* [Data section]
..............................

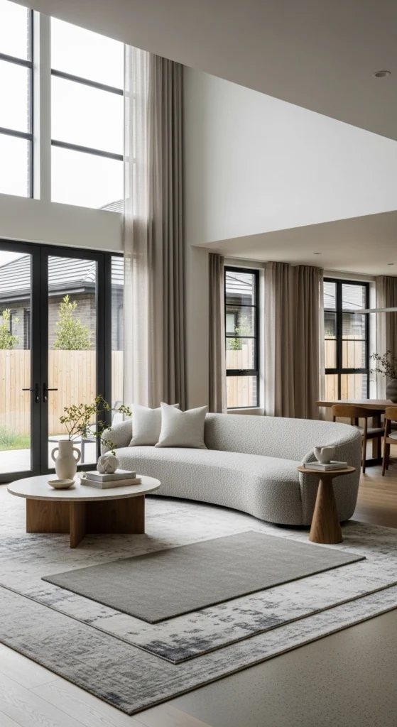 Curved seating changes how a room feels. It invites conversation and softens sharp corners. If a new sofa isn’t an option, try curved elements nearby. A rounded chair, oval table, or arched mirror helps. DIY option: rearrange furniture into gentle arcs instead of straight lines. Even small changes make open spaces feel more welcoming.
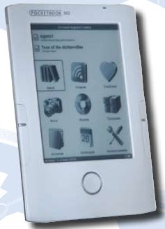 Основной 6‑дюймовый дисплей устройства имеет разрешение 600×800 точек. Качество отображения страниц неплохое, углы обзора также на высоте, поэтому глаза не устают, да и предназначен он исключительно для чтения — все настройки и манипуляции производятся на сенсорном цветном экране, который имеет диагональ 3,5 дюйма и отображает до 65 тыс. цветов. Кстати, дисплей емкостный, так что пользоваться им очень комфортно.
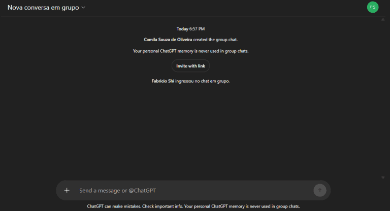 - Com o grupo criado, é possível continuar usando o ChatGPT da mesma forma que em um chat individual.

..............................

An exact reproduction of the material above is needed, without its pictures.

 Curved seating changes how a room feels. It invites conversation and softens sharp corners. If a new sofa isn’t an option, try curved elements nearby. A rounded chair, oval table, or arched mirror helps. DIY option: rearrange furniture into gentle arcs instead of straight lines. Even small changes make open spaces feel more welcoming.
 Основной 6‑дюймовый дисплей устройства имеет разрешение 600×800 точек. Качество отображения страниц неплохое, углы обзора также на высоте, поэтому глаза не устают, да и предназначен он исключительно для чтения — все настройки и манипуляции производятся на сенсорном цветном экране, который имеет диагональ 3,5 дюйма и отображает до 65 тыс. цветов. Кстати, дисплей емкостный, так что пользоваться им очень комфортно.
 - Com o grupo criado, é possível continuar usando o ChatGPT da mesma forma que em um chat individual.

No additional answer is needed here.